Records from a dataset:
========================================

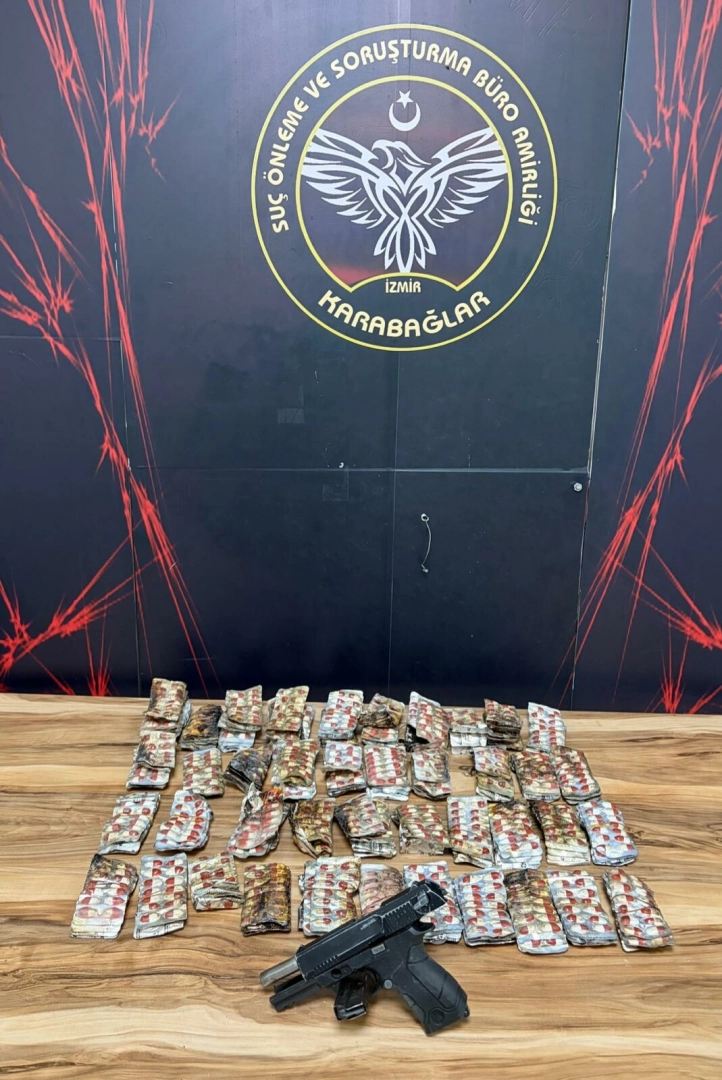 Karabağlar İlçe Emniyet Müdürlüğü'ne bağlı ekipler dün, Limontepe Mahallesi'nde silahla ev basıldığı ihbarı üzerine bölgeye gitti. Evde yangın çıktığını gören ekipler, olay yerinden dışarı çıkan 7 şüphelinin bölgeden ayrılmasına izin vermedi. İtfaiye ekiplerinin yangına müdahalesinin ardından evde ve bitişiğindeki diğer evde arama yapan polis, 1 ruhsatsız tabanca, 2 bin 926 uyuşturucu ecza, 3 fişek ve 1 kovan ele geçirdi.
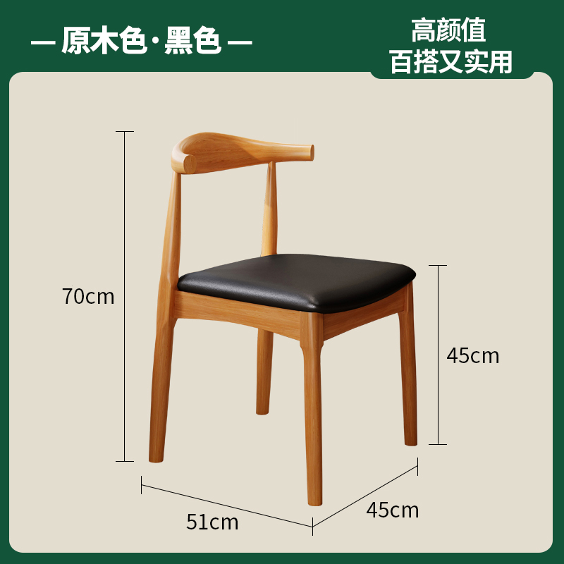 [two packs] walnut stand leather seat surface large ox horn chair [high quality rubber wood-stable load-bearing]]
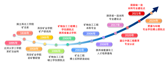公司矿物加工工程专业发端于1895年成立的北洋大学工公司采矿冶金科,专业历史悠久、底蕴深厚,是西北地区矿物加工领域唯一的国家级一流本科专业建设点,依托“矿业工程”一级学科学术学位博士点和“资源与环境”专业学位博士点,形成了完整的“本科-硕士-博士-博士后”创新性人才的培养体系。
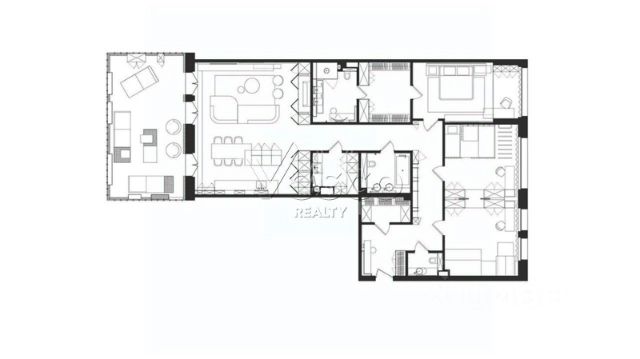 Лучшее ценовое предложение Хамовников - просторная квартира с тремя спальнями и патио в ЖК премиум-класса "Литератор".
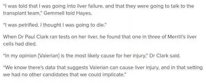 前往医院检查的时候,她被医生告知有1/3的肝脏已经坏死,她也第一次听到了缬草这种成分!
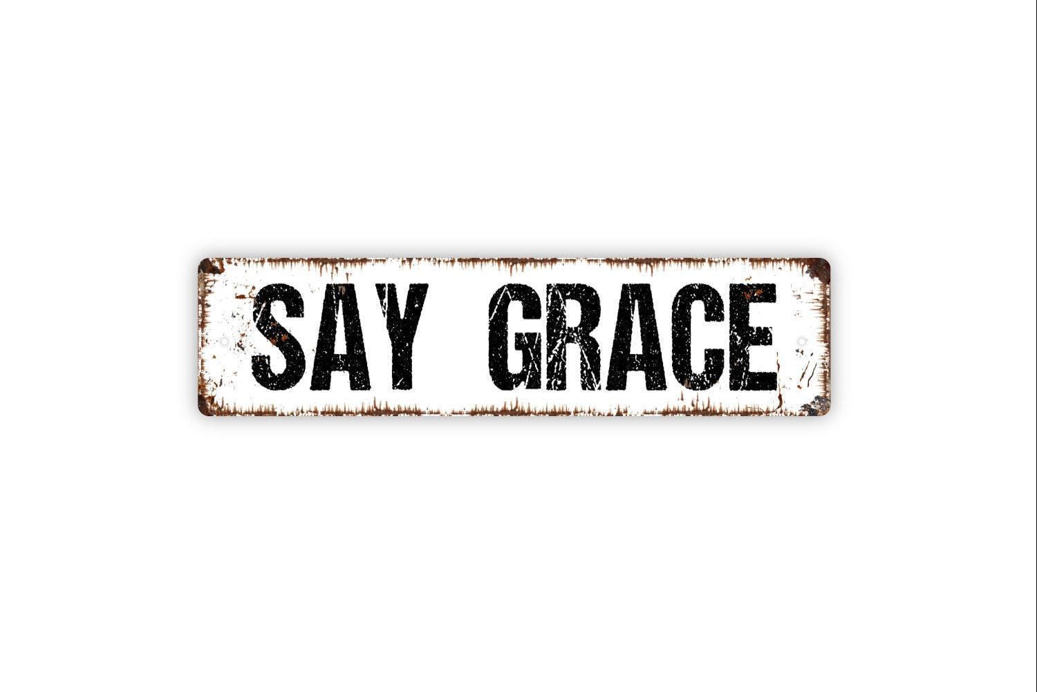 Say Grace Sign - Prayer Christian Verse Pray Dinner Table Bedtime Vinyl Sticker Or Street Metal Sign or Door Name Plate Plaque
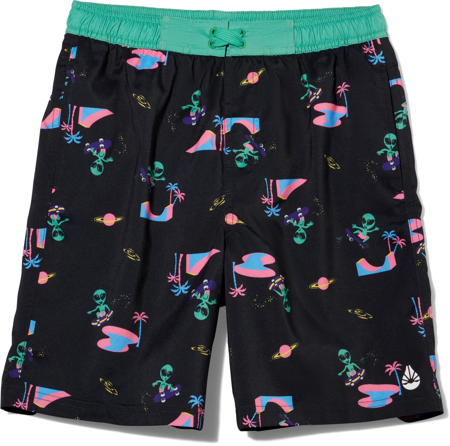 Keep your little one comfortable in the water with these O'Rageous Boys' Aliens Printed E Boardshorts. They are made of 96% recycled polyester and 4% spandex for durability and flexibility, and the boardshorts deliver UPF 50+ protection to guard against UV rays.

========================================

# WHAT IS BEING ASKED
Copy the records above exactly, from the first line through the line containing "Say Grace Sign", and leave out the pictures.

# FINAL ANSWER
 Karabağlar İlçe Emniyet Müdürlüğü'ne bağlı ekipler dün, Limontepe Mahallesi'nde silahla ev basıldığı ihbarı üzerine bölgeye gitti. Evde yangın çıktığını gören ekipler, olay yerinden dışarı çıkan 7 şüphelinin bölgeden ayrılmasına izin vermedi. İtfaiye ekiplerinin yangına müdahalesinin ardından evde ve bitişiğindeki diğer evde arama yapan polis, 1 ruhsatsız tabanca, 2 bin 926 uyuşturucu ecza, 3 fişek ve 1 kovan ele geçirdi.
 [two packs] walnut stand leather seat surface large ox horn chair [high quality rubber wood-stable load-bearing]]
公司矿物加工工程专业发端于1895年成立的北洋大学工公司采矿冶金科,专业历史悠久、底蕴深厚,是西北地区矿物加工领域唯一的国家级一流本科专业建设点,依托“矿业工程”一级学科学术学位博士点和“资源与环境”专业学位博士点,形成了完整的“本科-硕士-博士-博士后”创新性人才的培养体系。
 Лучшее ценовое предложение Хамовников - просторная квартира с тремя спальнями и патио в ЖК премиум-класса "Литератор".
 前往医院检查的时候,她被医生告知有1/3的肝脏已经坏死,她也第一次听到了缬草这种成分!
 Say Grace Sign - Prayer Christian Verse Pray Dinner Table Bedtime Vinyl Sticker Or Street Metal Sign or Door Name Plate Plaque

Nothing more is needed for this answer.